Thursday, 5 July 2012

The Challenge of an introductory course

For good or ill, I have been teaching what I have called "An Introduction to NVivo" for the last two years. It was put on due to popular demand and at present I have to run it every two months to keep up with demand (technically I am not doing that).

The odd thing is that in many ways a two hour talking head course is NOT a good way to teach NVivo, it would not be my preferred way. It is meant really as a taster, something that can give people a flavour for NVivo and get them to explore it for themselves. As that it is barely acceptable and leaves me drained when I do it. The fact that I am doing it on out of date software does not help.

Yet this course is hugely popular and I regularly leave people enthused for the package. It is one of the ironies of life. The group I taught today was relatively easy, there was at least one other user and his enthusiasm was infectious. I think we might have even persuaded some of the people who were computer shy that it was worth a try.

What I have to remember for next time is to be quite deliberate about pointing people to other resources to help them. Even the guy who was a user was interested to hear of the two day courses where you could take along your own data and get help from an NVivo expert. The problem at Sheffield is that I am the NVivo expert and I am very aware of huge chunks where I just don't know about the package.

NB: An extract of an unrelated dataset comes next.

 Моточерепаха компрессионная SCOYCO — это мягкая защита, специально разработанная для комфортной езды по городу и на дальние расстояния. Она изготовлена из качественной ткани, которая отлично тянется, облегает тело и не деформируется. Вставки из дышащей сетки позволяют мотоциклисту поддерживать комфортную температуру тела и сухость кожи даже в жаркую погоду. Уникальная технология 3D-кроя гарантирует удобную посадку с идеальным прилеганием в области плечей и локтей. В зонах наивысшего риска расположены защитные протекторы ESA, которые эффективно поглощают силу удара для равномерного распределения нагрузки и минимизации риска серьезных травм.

The student who was overwhelmed by the course was guided by him to the help on the QSR website and was able to see that they had videos and tutorials that might really help her and which she could take in small bite size pieces. I think I have at least three more users this time which is all I aim to achieve.

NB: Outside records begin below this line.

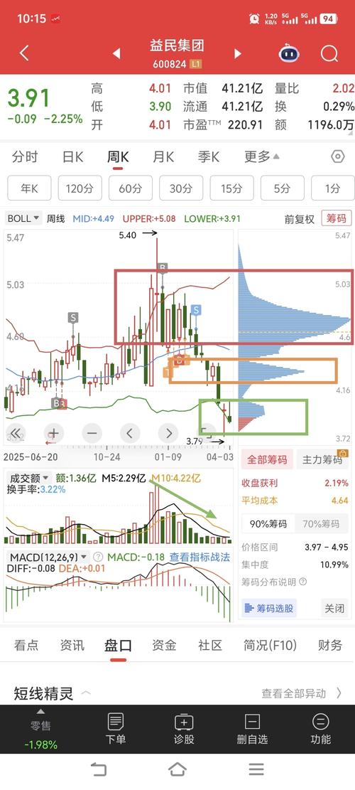 $益民集团(SH600824)$红色框是4.4元~5.4元套牢盘重灾区,橙色框是4.1元~4.4元套牢盘次重灾区,绿色3.79元~4.1元是近期资金情况,盘面上,红色和橙色筹码峰未发生改变绿色筹码峰小幅变动,成交量萎靡,无法充分换手,何来反弹?
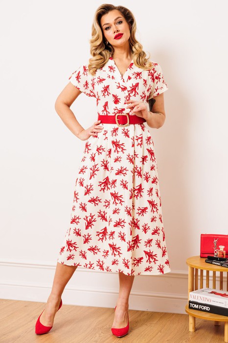 Платье женское приталенного силуэта, расширенное к низу. Платье отрезное по талии. Верхняя часть переда с нагрудными и талиевыми вытачками. По спинке - талиевые вытачки и средний шов. В среднем шве - потайная молния. Нижняя часть платья в складку. В боковых швах карманы. Рукав короткий, цельнокроенный, с манжетой и патой. Воротник пиджачного типа с имитацией застежки на 4 декоративные пуговицы. Это платье придется по душе всем, кто хочет выглядеть женственно и стильно.
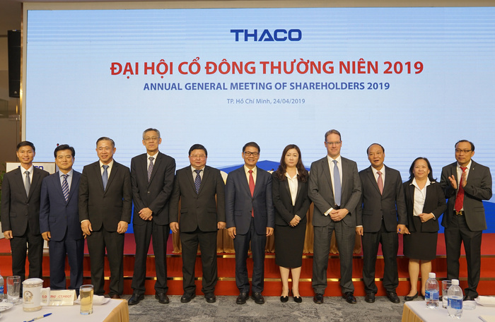 Chiều 24/4, Đại hội cổ đông thường niên năm 2019 của Thaco đã thông qua kết quả hoạt động 2018, kế hoạch năm 2019 và chiến lược phát triển giai đoạn 2019 - 2021; đồng thời bầu ra Hội đồng quản trị và Ban kiểm soát nhiệm kỳ 2019 - 2021.

If my aim with SPSS course is to get people out from being paranoid to where they feel its a chore, then my aim with this course is to get people to the stage where they feel it is worth having a trial with NVivo. To do that I have to overcome a level of scepticism and persuade users that the program is not going to take over the analysis (and disappoint them that it won't produce p-values) also I have to persuade them that being computerised does not imply distance. On my last course where one guy says "this is not about taking you away from your data, its all about keeping you close to it". If I can get that across no matter how tired and drained I am, then the course has suceeded.